03Section

Hardware & Experiments

The test rig

The pipeline was deployed on a real Husqvarna Automower in an outdoor test environment. Onboard compute is intentionally modest; the edge node carries the heavy reasoning over a local link.

Robot

Husqvarna Automower 450X Nera

Production residential mower used as the autonomy platform.

Compute

Raspberry Pi 4

Onboard host running segmentation and orchestration.

Camera

OBSBOT Meet 2

Forward-facing USB camera mounted on the mower deck.

Edge node

MacBook Pro M2 Pro

Local edge workstation hosting the candidate VLMs.

Husqvarna Automower 450X Nera
Husqvarna Automower 450X Nera
Raspberry Pi 4 and OBSBOT camera
Onboard compute (Raspberry Pi 4)

Scenarios

What the VLM did, in cases where segmentation alone could not.

01 · Transient obstacle

Running animal

"A dog is running across the mowing path from the left." · obstacle: transient · action: STOP

Dual-frame inference correctly treats motion as transient rather than as a fixed obstacle to navigate around.

02 · Group activity

Picnic on the lawn

"People are sitting on a blanket with food and drinks." · obstacle: activity · action: REROUTE

The VLM recognises the configuration as a group activity, not a list of individual objects, and chooses a respectful detour.

03 · Open-vocabulary

Vegetation reasoning

"Ornamental flowers, not grass to be mowed." · obstacle: static · action: REROUTE

Differentiates ornamental from wild vegetation by visual reasoning · without a predefined class list.

04 · Spatial nuance

Person in context

"A person is standing in the context zone, not the path." · obstacle: none · action: SLOW

Position relative to the mower path is reasoned about, not just detected.

05 · Method ablation

Dual-frame motion

Dual-frame variant outperforms single-frame on moving-subject scenarios.

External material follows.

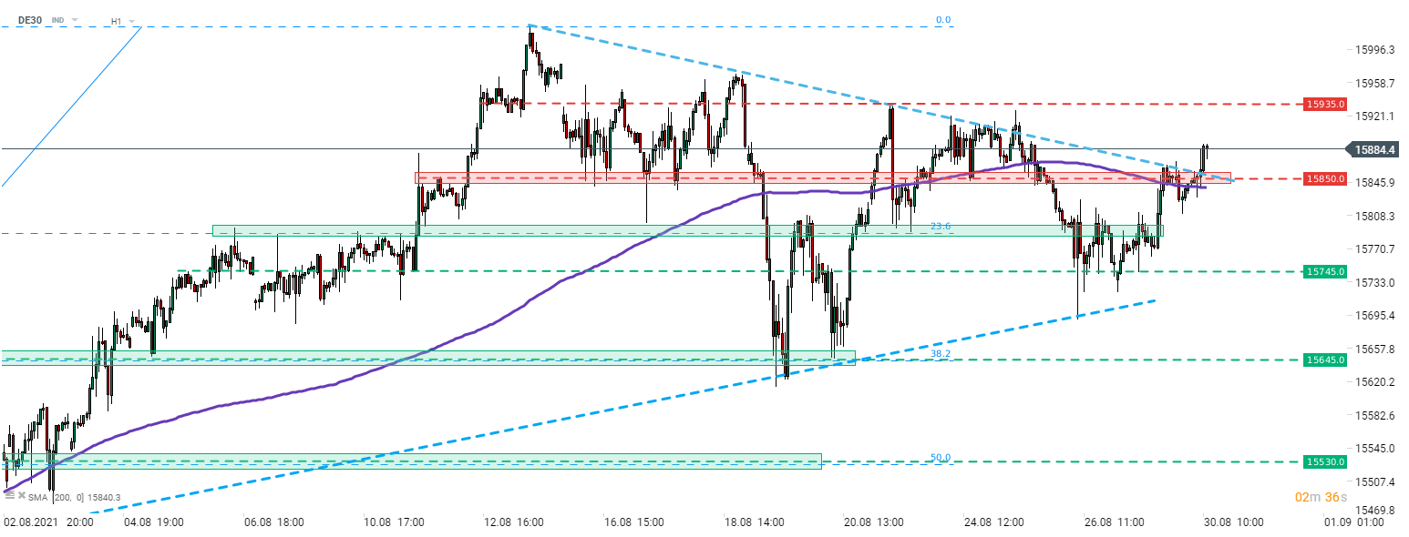 Powell se apegó a su narrativa moderada durante su discurso en Jackson Hole el viernes. Esto ha dado nuevo combustible a los alcistas de la renta variable para impulsar los índices al alza, y los estados de ánimo optimistas se extendieron a una nueva semana. DE30 ha logrado superar el límite superior del patrón de cuña y ha probado el área de 15.900 pts al comienzo de la negociación de hoy. Si bien los compradores aún no pudieron ofrecer una ruptura por encima de él, el índice permanece cerca. En caso de que la pausa actual se convierta en retroceso, el soporte a corto plazo a observar se puede encontrar en el área de 15,850 pts, donde también se puede encontrar la línea de tendencia bajista rota anteriormente. El área de resistencia principal más cercana oscila alrededor de la marca de 15.935 pts.

Showing two consecutive frames gives the VLM enough cue to distinguish movement from static configuration.

06 · Prompt design

Prompt v1 / v2 / v3

Three prompt variants benchmarked on an 18-image curated test set.

Errors became directly attributable to prompt design choices · a diagnostic capability unavailable in segmentation-only systems.

Headline findings

Matched or beat

the segmentation-only baseline across all tested conditions.

Unlocked

open-vocabulary reasoning that is architecturally out of reach for fixed-vocabulary models.

Improved

diagnosability · failures now attributable to model behaviour or prompt design.